*** Opening of Data ***
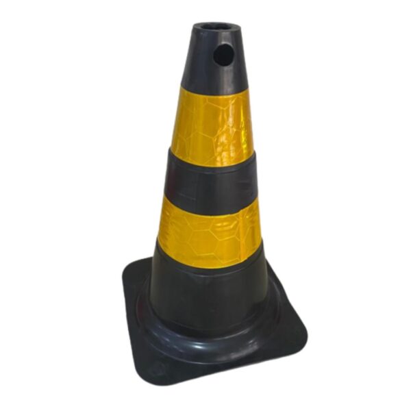 Cone injetado em PVC, possui duas faixas refletivas nas cores branca ou amarela, as faixas são confeccionadas em PVC prismático com espessura de 0,2 mm, e com forro de PVC com espessura de 0,1 mm.
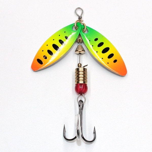 Блесна с двумя лепестками продолговатой формы является универсальной, позволяющей использовать разный характер и скорость проводки, в водоемах с различным течением и видимостью. Применяется для ловли практически любой хищной рыбы.
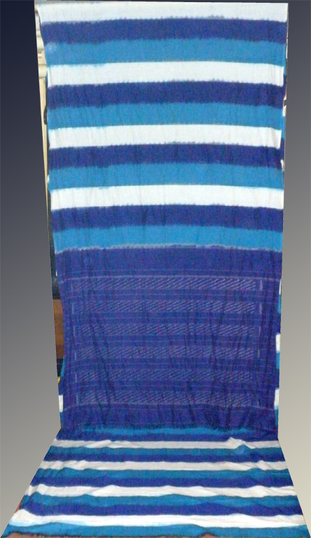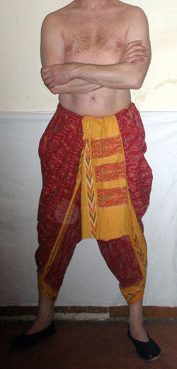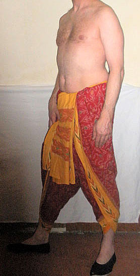 A sari is a traditional Indian garment that was created thousands of years ago. It consists of a single piece of cloth, usually silk or cotton, these days about 5 yards long and 1 yard wide, that is wrapped around the body in artful ways to create a beautiful dress. Ancient styles covered the legs and hips only, documents and sculptures show, that saris were worn by men and women alike, only in slightly different styles. Today, saris are officially worn by women only and for modesty reasons, come with a petticoat underneath and a small top that covers the breasts but usually leaves the navel free. For men, the inheritance is the dhoti, which is a smaller piece of cloth wrapped around hips and legs. Women's saris are often decorated with paillettes, small mirrors, embroidery and printed or woven patterns. Mens dhotis are usually white, with one or two coloured stripes and sometimes a border on the long sides.
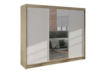 Cyria Garderob med Spegel 200x215 cm, Beige/Vit
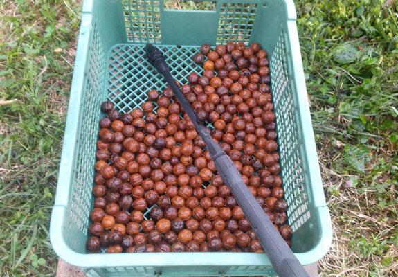 そして、クルミを200個拾い、合計で3千個くらいになったので、最初に拾った分に高圧洗浄機をかけました。
*** Close of Data ***
> _Your goal_: Only the lines from the one with "Блесна с двумя" through the final line of the data should be written out, exactly and including both ends. Skip the pictures.

> _Response below_:
 Блесна с двумя лепестками продолговатой формы является универсальной, позволяющей использовать разный характер и скорость проводки, в водоемах с различным течением и видимостью. Применяется для ловли практически любой хищной рыбы.
 A sari is a traditional Indian garment that was created thousands of years ago. It consists of a single piece of cloth, usually silk or cotton, these days about 5 yards long and 1 yard wide, that is wrapped around the body in artful ways to create a beautiful dress. Ancient styles covered the legs and hips only, documents and sculptures show, that saris were worn by men and women alike, only in slightly different styles. Today, saris are officially worn by women only and for modesty reasons, come with a petticoat underneath and a small top that covers the breasts but usually leaves the navel free. For men, the inheritance is the dhoti, which is a smaller piece of cloth wrapped around hips and legs. Women's saris are often decorated with paillettes, small mirrors, embroidery and printed or woven patterns. Mens dhotis are usually white, with one or two coloured stripes and sometimes a border on the long sides.
 Cyria Garderob med Spegel 200x215 cm, Beige/Vit
 そして、クルミを200個拾い、合計で3千個くらいになったので、最初に拾った分に高圧洗浄機をかけました。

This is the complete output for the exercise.